» Prompt: From the line containing "참가 신청은 세븐비치" through the last line of the data, both ends included, write out every line exactly; omit the pictures.

» Recorded data:
┄┄┄┄┄┄
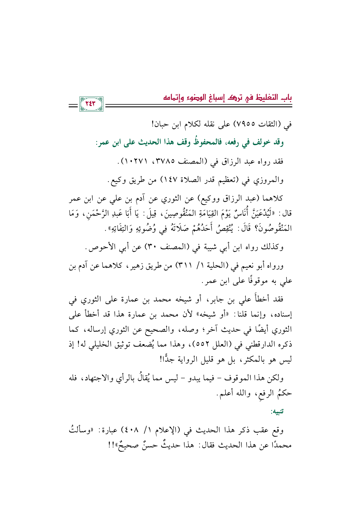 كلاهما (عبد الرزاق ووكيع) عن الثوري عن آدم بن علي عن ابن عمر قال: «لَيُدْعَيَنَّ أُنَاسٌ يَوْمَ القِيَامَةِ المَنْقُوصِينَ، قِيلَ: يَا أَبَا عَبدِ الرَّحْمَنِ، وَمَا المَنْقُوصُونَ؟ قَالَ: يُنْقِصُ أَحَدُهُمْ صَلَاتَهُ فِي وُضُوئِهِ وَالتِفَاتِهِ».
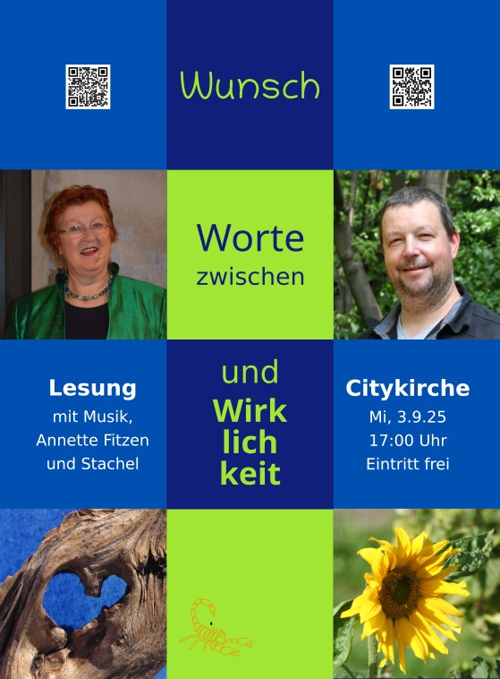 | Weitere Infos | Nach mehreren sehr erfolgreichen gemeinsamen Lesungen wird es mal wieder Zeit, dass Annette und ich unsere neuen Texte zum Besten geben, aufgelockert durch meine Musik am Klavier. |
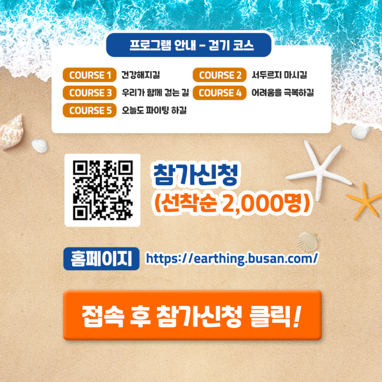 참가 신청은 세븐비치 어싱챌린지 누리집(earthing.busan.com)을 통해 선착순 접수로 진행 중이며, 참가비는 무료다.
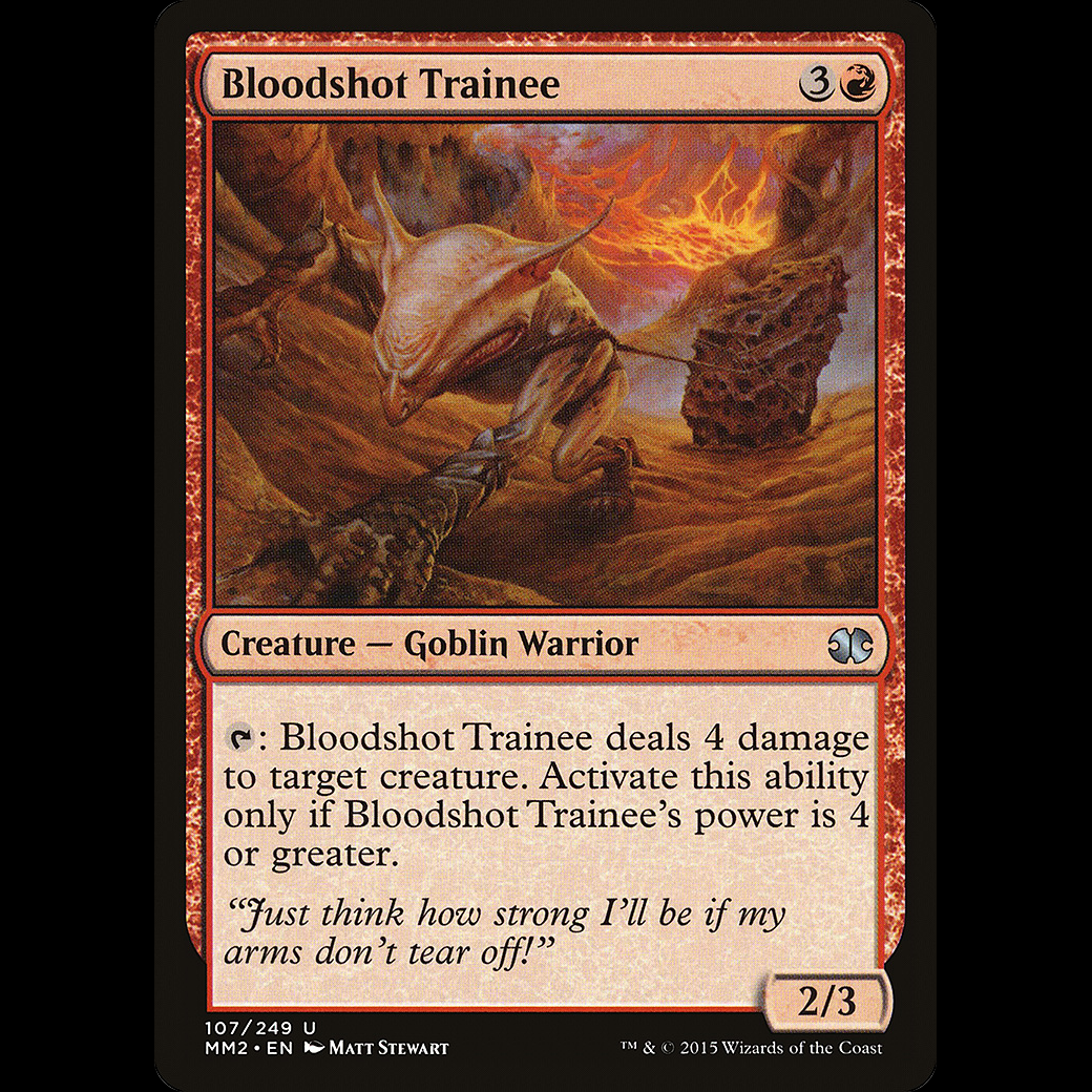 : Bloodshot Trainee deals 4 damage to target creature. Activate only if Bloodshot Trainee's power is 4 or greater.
┄┄┄┄┄┄
» Solution to the exercise:
 참가 신청은 세븐비치 어싱챌린지 누리집(earthing.busan.com)을 통해 선착순 접수로 진행 중이며, 참가비는 무료다.
 : Bloodshot Trainee deals 4 damage to target creature. Activate only if Bloodshot Trainee's power is 4 or greater.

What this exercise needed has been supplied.